For me, I absolutely hate all this encoding stuff in ruby 1.9, and I'll try
to explain why here.

* As a programmer, the most important thing for me is to be able to reason
  about the code I write.  Reasoning tells me whether the code I write is
  likely to run, terminate, and give the result I want.
  
  In ruby 1.8, if I write an expression like "s3 = s1 + s2", where s1 and s2
  are strings, this is easy because it's a one-dimensional space.
  
               s3     =     s1   +   s2


             ----->       ----->    ----->
             string       string    string

  As long as s1 and s2 are strings, then I know that s3 will be a string,
  consisting of the bytes from s1 followed by the bytes from s2. End of
  story, move to the next line.

  But in ruby 1.9, it becomes a multi-dimensional problem:

               s3     =     s1   +   s2

          enc^         enc^      enc^
             |            |         |
             |            |         |
             +---->       +---->    +---->
             string       string    string
  
  The number possibilities now explodes. What are the possible encodings
  that s1 might have at this point in the program? What are the possible
  encodings that s2 might have at this point? Are they compatible, or will
  an exception be raised? What encoding will s3 have going forward in the
  next line of the program?

  The reasoning is made even harder because the *content* of the strings is
  also a dimension in this logic.  s1 and s2 might have different encodings
  but could still be compatible, depending on whether they are empty or
  consist only of 7-bit characters, as well as whether they are tagged with
  an ASCII-compatible encoding.  The encoding of s3 also depends on all
  these factors, including whether s1 is empty or s2 is empty.

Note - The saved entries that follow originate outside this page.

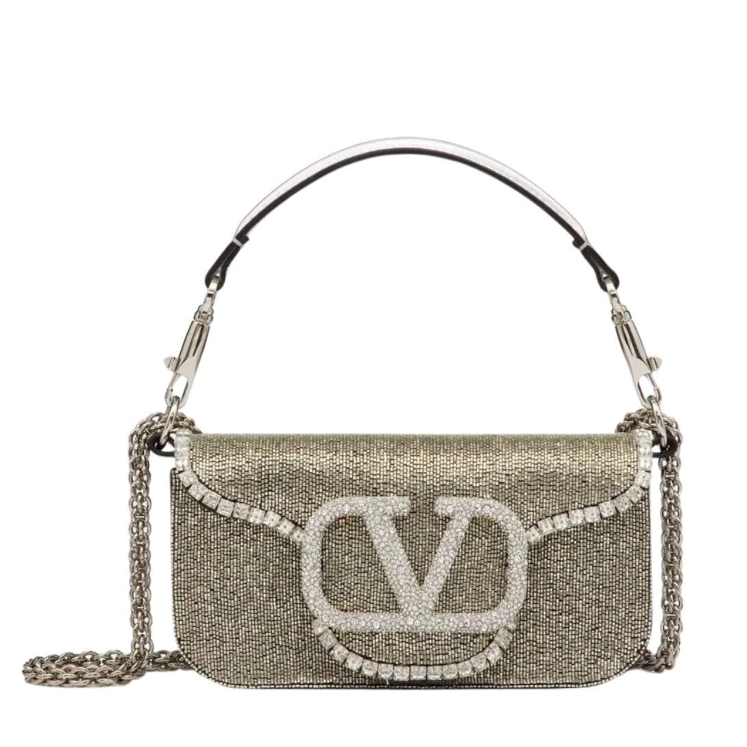 Introducing the Valentino Garavani Locò Embroidered small shoulder bag, adorned with leather embroidery and featuring the iconic VLogo Signature element embellished with Swarovski crystals.
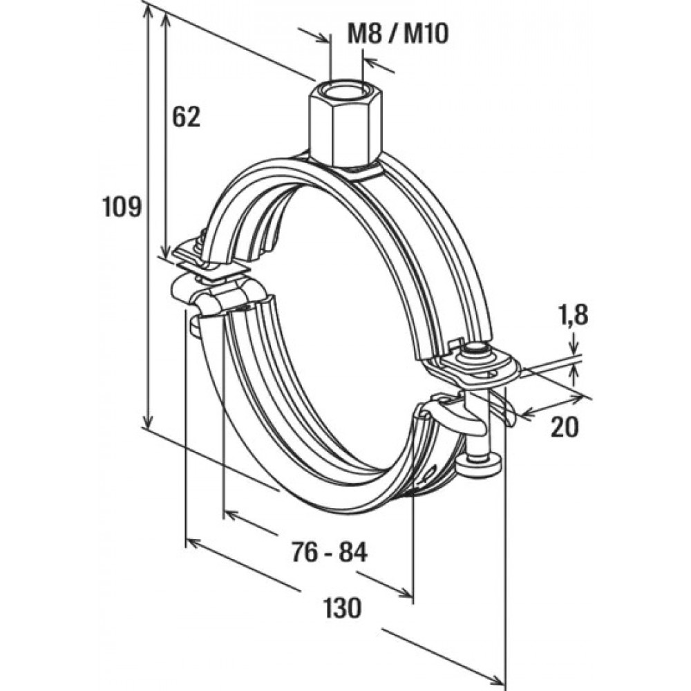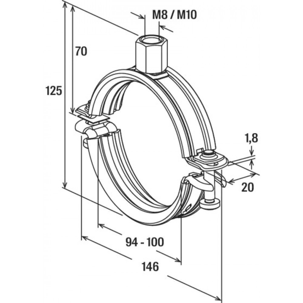 Collier FRS Plus 87-92 pour dimension nominale 3". Le système de fermeture rapide permet un montage simple et rapide des tuyauteries. Les deux vis permettent une adaptation optimale au diamètre des tubes. La fermeture sécurisée et l'ajustement serré de la garniture isophonique garantissent un réglage sûr des tubes. Ecrou de connexion avec filetage M8/M10 pour le raccordement de tiges filetées ou goujons filetés. Vis imperdables.Application
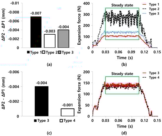 For Type 4, the expansion force and ΔP2 − ΔP1 were 131.8 N (5% lower than Type 3) and −0.001 mm (75% lower than Type 3), respectively. This occurred because there was no contact between the expansion ball and the tube’s inner groove peaks for Type 4, which led to a significant decrease in ΔP2 − ΔP1. The expansion force slightly decreased due to a decrease in the contact area between the tube and ball (Figure 8, Table 4).
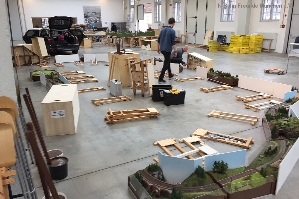 Bereits am Freitag den 24.03.2017 trafen sich einige Club-Mitglieder um 09:00 Uhr im Vereinsheim, um den „Sprinter“ mit den vorbereiteten Modulen und allem notwendigen Zubehör zu beladen. So konnten wir bereits um ca, 10:30 Uhr mit dem Aufbau unserer Anlage beginnen. Diesmal bestand sie aus ca. 50 Modulen und sollte ca. 20m x 6m groß werden. Es gelang dann, den Betrieb ab ca. 17.00 positiv zu testen, einem reibungslosen Ausstellungsbetrieb am Wochenende stand damit nichts mehr im Wege.

  Analysing a multi-line program then multiplies this further, as you need
  to carry forward this additional state in your head to where it is next
  used.

* Now try reasoning about a program which makes uses of strings returned by
  library functions (core or third party), where those functions almost
  never document what encoding the string will be tagged with.  You need to
  guess or test what encoding you get, and/or reason that the encoding
  actually doesn't matter at this point in the program, because of what you
  know about the encodings of other strings it will be combined with.

* Whether or not you can reason about whether your program works, you will
  want to test it. 'Unit testing' is generally done by running the code with
  some representative inputs, and checking if the output is what you expect.
  
  Again, with 1.8 and the simple line above, this was easy. Give it any two
  strings and you will have sufficient test coverage.
  
  With 1.9, there is an explosion of test cases if you want to get proper
  coverage: the number of different encodings and string contents
  (empty/ascii/non-ascii) you expect to see for s1, multiplied by the same
  for s2, plus testing the encoding of the results.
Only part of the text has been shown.